From my reading your question and sample tables T1 and T2... T1 appears to be some Lookup table and has IDs and descriptions associated to said IDs. Your T2 table appears to be your detail/transaction based table and it may or not have an actual requirement hence your desire to always include those records without a specific requirement.
If this is the case, it sounds like you want "all detail records that have some condition REGARDLESS of a matched requirement ID as found in the lookup table." If this is accurate, you would be looking for
Select
T2.T1_ID,
coalesce( T1.Statement, '' ) StatementFromT1Table
from
SomeMainTable T2
LEFT JOIN SomeLookupTable T1
on T2.T1_ID = T1.T1_ID
where
T2.T1_ID = SomeIdParameterValue
AND ( T1.T1_ID is NULL
OR T1.Statement = SomeOtherParameterValue )
The join between tables I always try to list the left-side table first, then indent to the right-side table and have my ON condition show the left.column = right.column so you always see the relationship and how table A gets to table B (and nested more as other joins come into play).
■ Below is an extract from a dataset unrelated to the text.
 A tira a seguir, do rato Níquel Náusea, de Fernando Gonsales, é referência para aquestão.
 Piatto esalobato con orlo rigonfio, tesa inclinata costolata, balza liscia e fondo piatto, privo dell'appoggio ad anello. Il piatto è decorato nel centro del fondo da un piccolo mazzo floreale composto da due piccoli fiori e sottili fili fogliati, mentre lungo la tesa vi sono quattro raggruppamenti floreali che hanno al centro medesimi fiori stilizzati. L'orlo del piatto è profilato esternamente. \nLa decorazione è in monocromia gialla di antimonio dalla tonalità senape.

The different between (INNER) JOIN and LEFT JOIN is that (INNER) JOIN REQUIRES a record to always match on both tables. LEFT JOIN means I want everything from the table on the left side REGARDLESS of an actual match in the right table.
So at this point, I get all from T2 alias table first regardless of the answer in T1 alias. Now, how to deal with the zero remarks id value. If zero indicates you KNOW there wont be a match in T1, then you can just say I want all records on the T2 side if the T1 side IS NULL... But you also care for a specific statement, hence the OR within the parenthesis test.
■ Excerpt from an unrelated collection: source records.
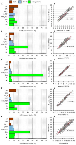 The GBRT model was applied to determine the relative contribution of soil, climate, and management parameters to grain yield, protein concentration, gluten concentration, starch concentration, and W (Figure 7). The relative contribution of soil and management factors to grain yield production was almost equal (39.15% and 38.85%, respectively), while climate contributed 22% to grain yield variability. The relative contribution of pH, PL, P_TGf, and Gen on grain yield was 18.4%, 16.84%, 12.75%, and 12%, respectively, with OM, NP, GDD_TGf, and Av_P contributing less than 12%. Moreover, management had a higher relative contribution to protein concentration and gluten concentration (65.96% and 83.8%, respectively) compared to soil and climate parameters (protein concentration, 81.9% and 15.95%, and gluten concentration, 8.6% and 7.52%, respectively). The Gen was the most influential factor for protein concentration and gluten concentration accumulation (relative contribution = 40.6% and 72.8%, respectively), with NP, PL, and GDD_TGf contributing 14%, 11.41%, and 11% to protein concentration, respectively. pH, P_TGf, Av_P, and OM showed contributions lower than 11% for protein concentration, while NP and GDD_TGf explained 6.3% and 5.14% of the gluten concentration, respectively, and PL, P_TGf, Av_P, OM, and pH had contributions lower than 5%. Likewise, management had the highest relative contribution to starch concentration and W variability (72.03% and 68.32%, respectively), compared to soil and climate parameters (ST, 17.02% and 11%; W, 13% and 18.17%). The Gen was the most influential parameter affecting starch concentration and W (relative contribution = 43.73% and 44.19%, respectively). The NP, pH, and PL contributed 16.75%, 14.68%, and 11.55% to starch concentration, respectively, while GDD_TGf, P_TGf, Av_P, and OM had contributions lower than 7%. W, PL, NP, and GDD_TGf explained 12.8%, 11.33%, and 10.6% of the variability, respectively, while P_TGf, Av_P, OM, and pH had contributions lower than 9%.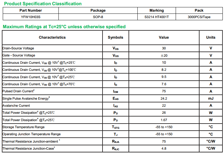 yfwdiode,MOSFEL YFW10H03S data,PDF data book,Pin figure,Packaging specifications,Diode manufacturer YFW10H03S diode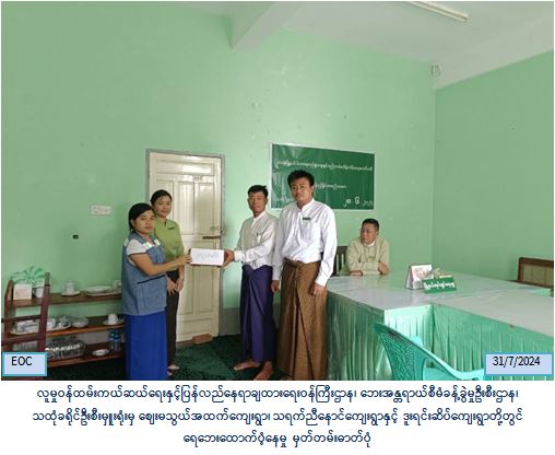 လူမှုဝန်ထမ်း ကယ်ဆယ်ရေးနှင့် ပြန်လည်နေရာချထားရေးဝန်ကြီးဌာန၊ ဘေးအန္တရာယ်ဆိုင်ရာစီမံခန့်ခွဲမှု ဦးစီးဌာန၊ သထုံခရိုင်ဦးစီးမှူးရုံးမှ တာဝန်ရှိသူများသည်(၂၈.၇.၂၀၂၄)ရက်နေ့မှ (၃၁.၇.၂၀၂၄)ရက်နေ့ အထိ သထုံမြို့နယ် စျေးမသွယ်အထက်ကျေးရွာ၊ သရက်ညီနောင်ကျေးရွာနှင့် ဒူးရင်းဆိပ်ကျေးရွာတို့တွင် မိုးများစွာရွာသွန်း၍ ဒုံသမိမြစ်ရေမြင့်တက်လာမှုကြောင့် ရန်ကင်းအောင်ဓမ္မာရုံ၊ ရွာဦးဘုန်းကြီးကျောင်း၊ ရွာလယ်ဓမ္မာရုံနှင့် တပ်ဦးဘုန်းကြီးကျောင်းကယ်ဆယ်ရေးစခန်းတို့ရှိ ထပ်တိုးအိမ်ထောင်စု (၄၂)စုတို့မှ (၁၈)နှစ်အထက် ကျား (၆၈)ဦး၊ မ (၆၆)ဦးနှင့် (၁၈)နှစ်အောက် ကျား (၁၇)ဦး၊ မ (၂၇)ဦး စုစုပေါင်း လူဦးရေ (၁၇၈)ဦးတို့အတွက် (၇)ရက်စာ ဆန်ရိက္ခာဖိုးငွေ (၃၇၃,၈၀ဝိ/-)ကျပ်အား (၃၁.၇.၂၀၂၄)ရက်နေ့ (၁၃:၀၀)နာရီအချိန်တွင် သထုံမြို့နယ်စီမံအုပ်ချုပ်ရေးအဖွဲ့ရုံး၌ သွားရောက်ထောက်ပံ့ပေးအပ်ခဲ့ကြောင်း သတင်းရရှိပါသည်။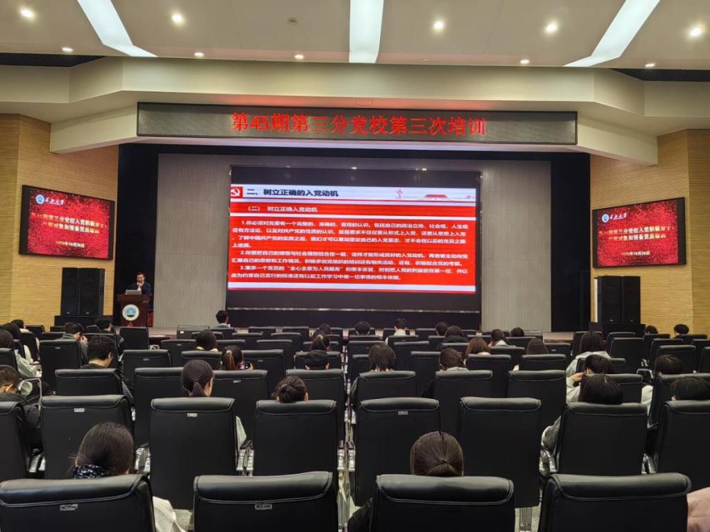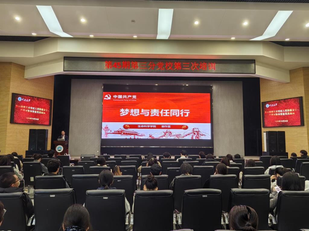 (通讯员 方学斌 严树彬/文 王浩源 王思雨 郑怡乐/摄)百年党史映初心,青春建功正当时。为深入学习贯彻党的二十大精神,引导青年学员从党的百年奋斗历程中汲取信仰力量、砥砺使命担当,10 月 26 日下午 2 点 30 分,农学院在农科大楼 1058 报告厅如期开展第 45 期第三分党校第三次培训。本次培训以“梦想与责任同行”为主题,特邀生命科学学院党委书记谢作喜主讲,生命科学学院辅导员李敏和第三分党校全体入党积极分子、发展对象和预备党员参加,辅导员唐玉婷主持。

The first part of the where is if you were specifically looking for all things of a T1_ID = some value, so that is a primary parameter and only applicable to the T2 side... you are qualifying the T1 side via the AND ( null or other equality test ) condition.
If you have some confidential data, it is ok to randomize / provide sample data, but having real table name reference / context will help us better understand what you are trying to accomplish. Ambiguity in table names and columns does not help us mentally understand and might have better query solutions having a better understanding.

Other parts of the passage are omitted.